ISSN: 2155-9570
Research Article - (2018) Volume 9, Issue 1
Purpose: Lens extraction surgery with ischemic retinopathy may trigger neovascularization, suggesting that lens removal alters the ocular concentrations of angiogenesis regulatory factors. This study aims to identify angiogenic or anti-angiogenic factors exhibiting altered expression in the vitreous after lens extraction in rabbits.
Methods: Vitreous samples after lens extraction were analyzed by two dimensional fluorescence difference gel electrophoresis (2D-DIGE) followed by mass spectrometry to identify candidate factors indicating expression changes. Western blotting and real-time polymerase chain reaction (PCR) were performed to semi-quantify protein and gene expression changes. The identified factors were tested by assessing effects on vascular endothelial growth factor (VEGF)-induced proliferation of human retinal microvascular endothelial cells (HRMECs).
Results: Three spots with reduced expression were identified as αA-crystallin by 2D-DIGE and mass spectrometry.
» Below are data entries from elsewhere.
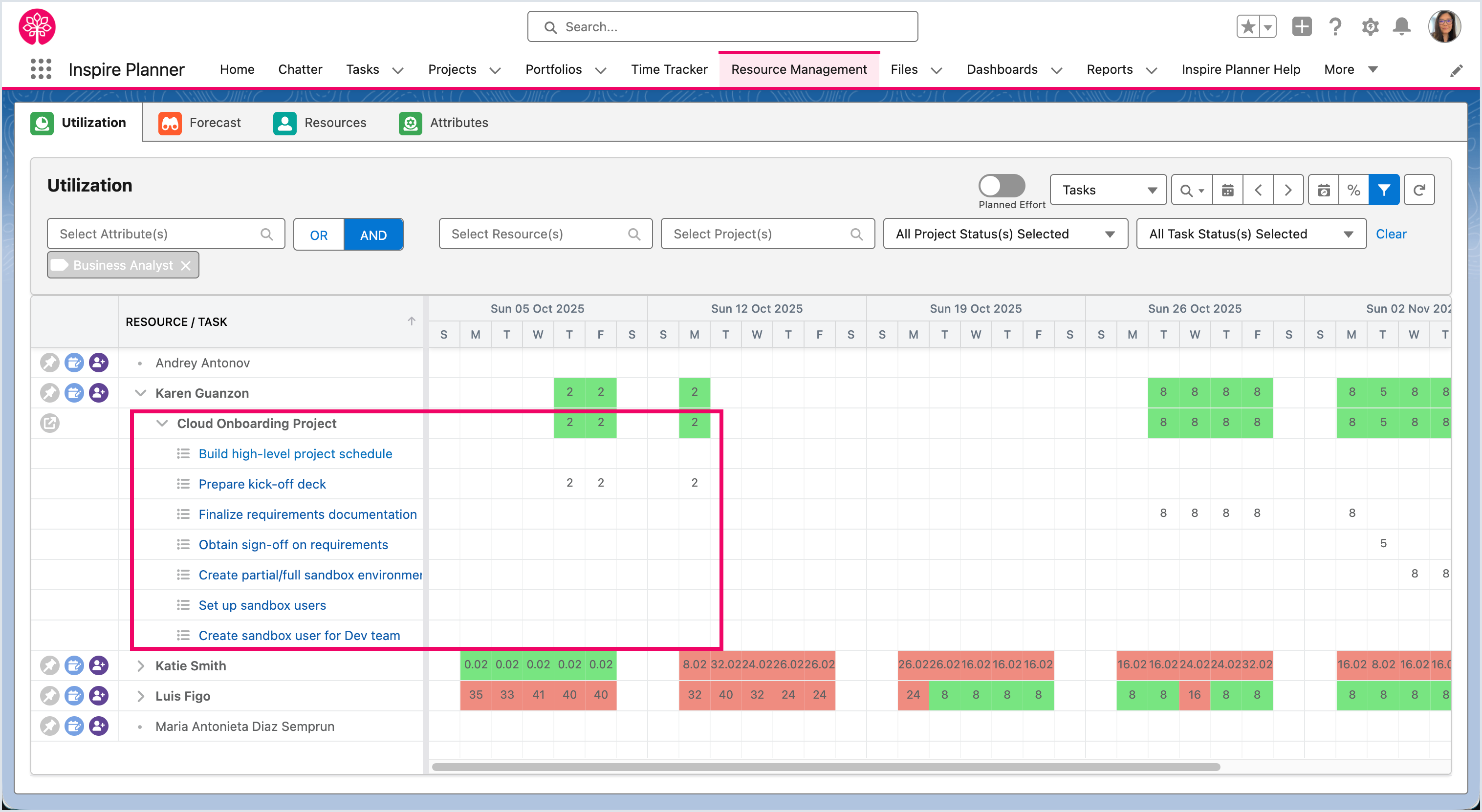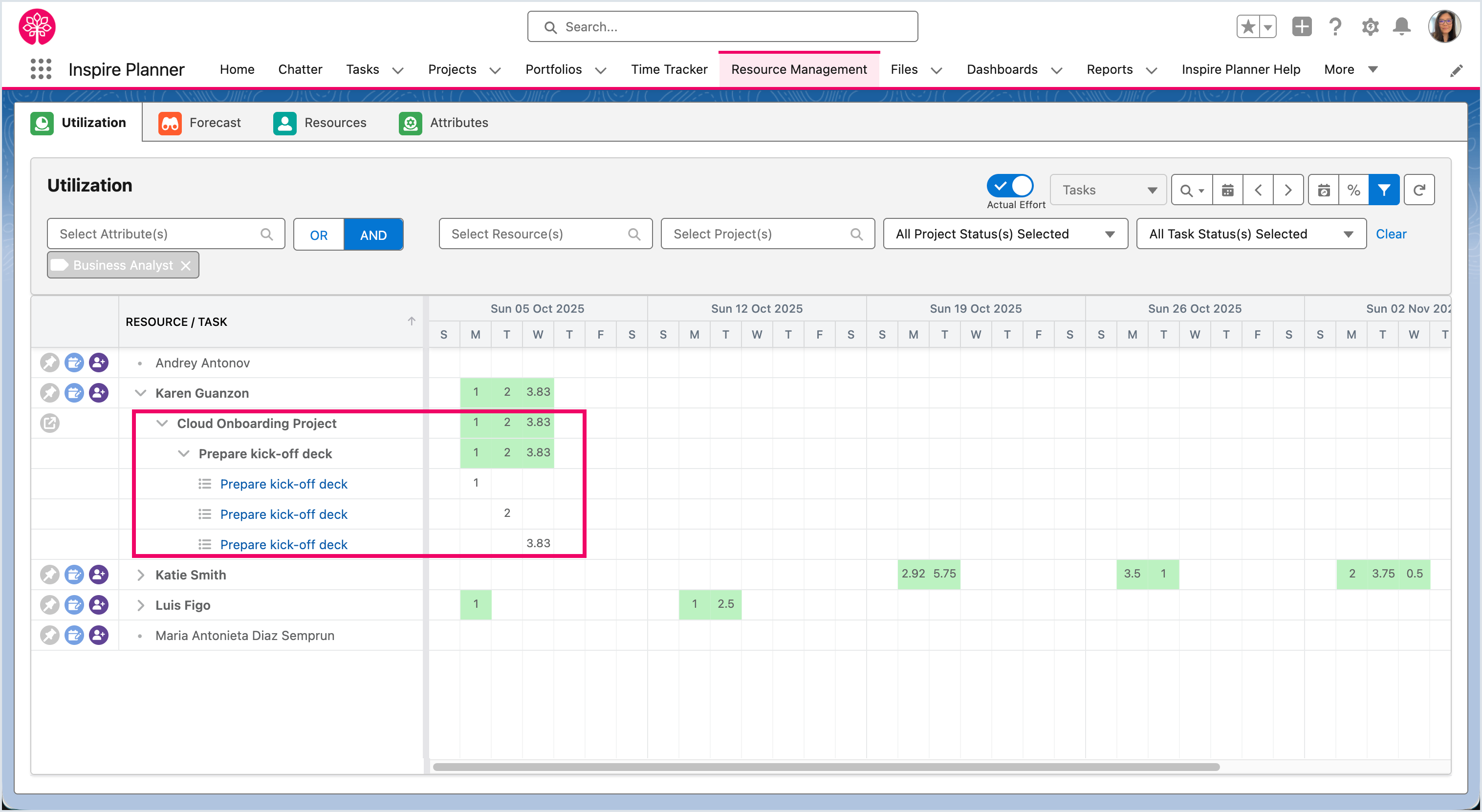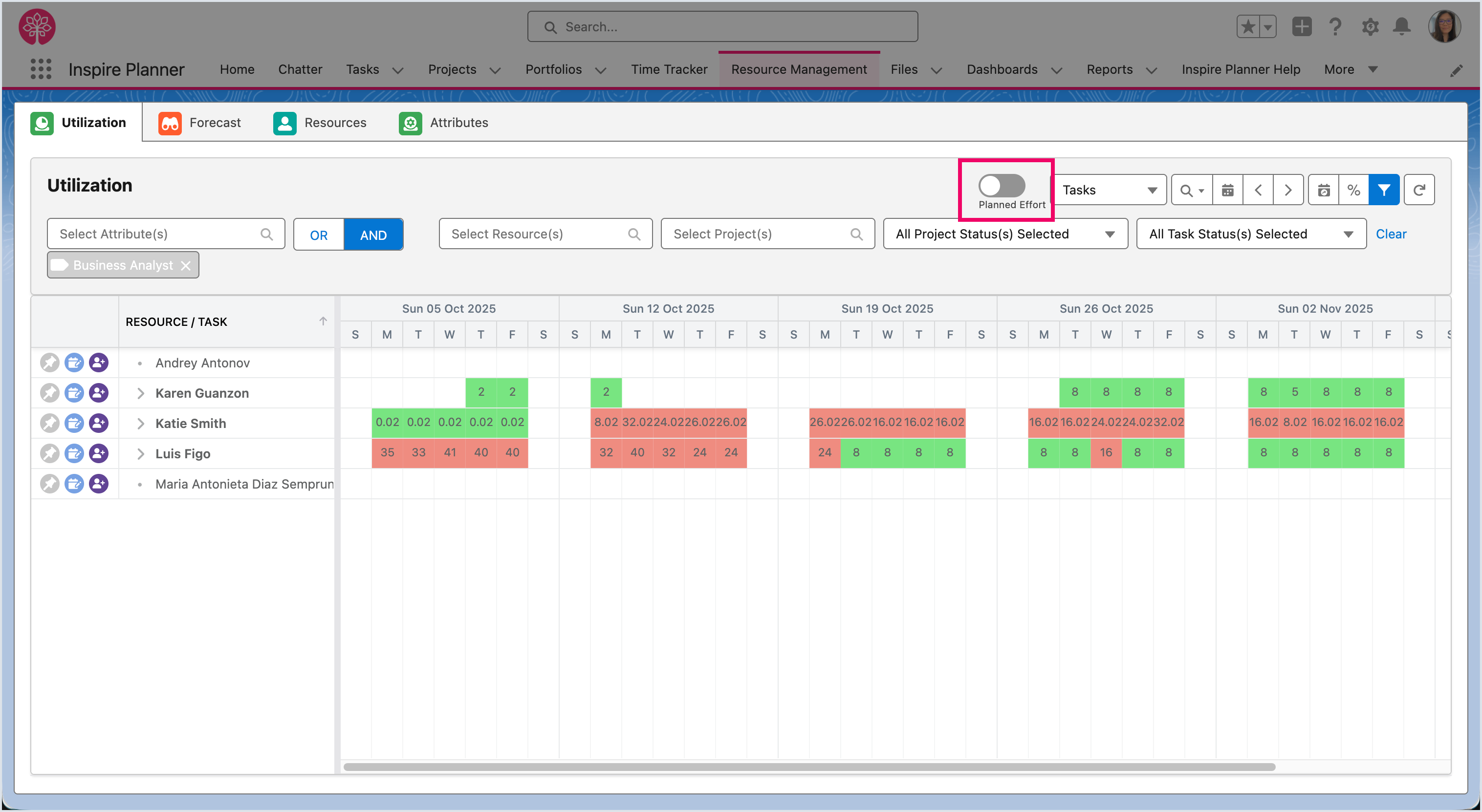 When viewing Actual Effort, you’ll only see time entries you have permission to access. To view all time entries, assign the Inspire Planner – Resource Manager permission set to the user.
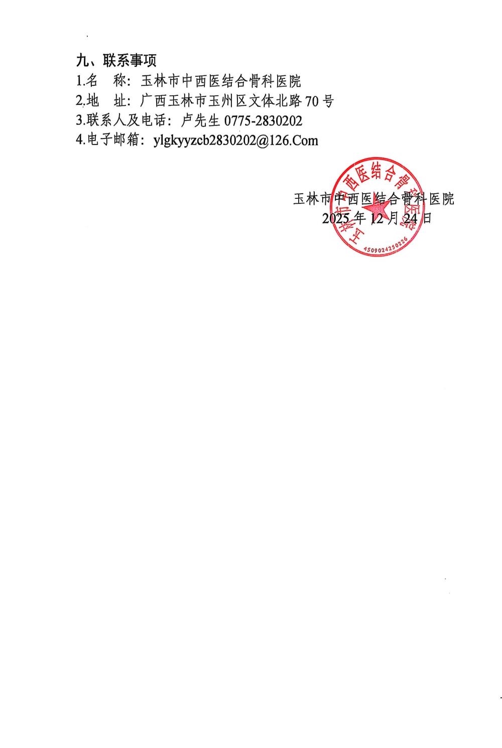 玉林市中西医结合骨科医院计量器具检测服务项目采购公告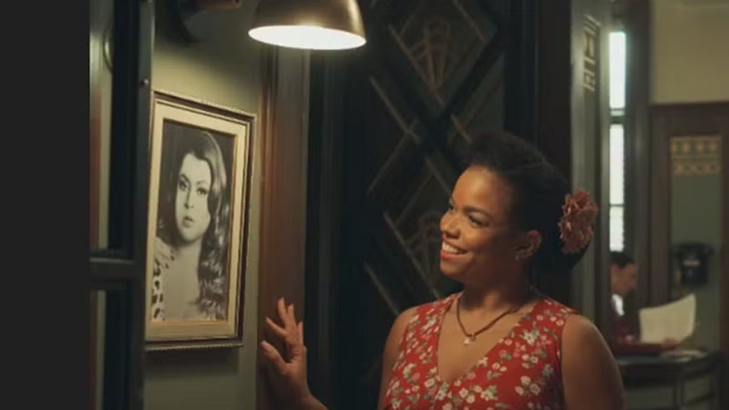 Na cena, Dita (Jeniffer Nascimento) está na Rádio Paraíso, onde trabalha, e passa por um corredor onde ficam expostos retratos de cantoras de rádio da época, se dirige à imagem de Preta Gil e demonstra sua admiração.

Western blotting revealed that the protein levels in vitreous of αA- and αB-crystallin were significantly lower after lens extraction. αB-crystallin suppressed the proliferation of VEGF-stimulated HRMECs, and the combination of αA- and αB-crystallin was more effective than αB-crystallin alone.
Conclusion: The depletion of vitreal α-crystallins after lens extraction may increase VEGF-induced angiogenesis, thereby contributing to adverse outcomes such as vitreous hemorrhage, proliferative membrane, and vision loss after cataract surgery for ischemic retinopathy patients.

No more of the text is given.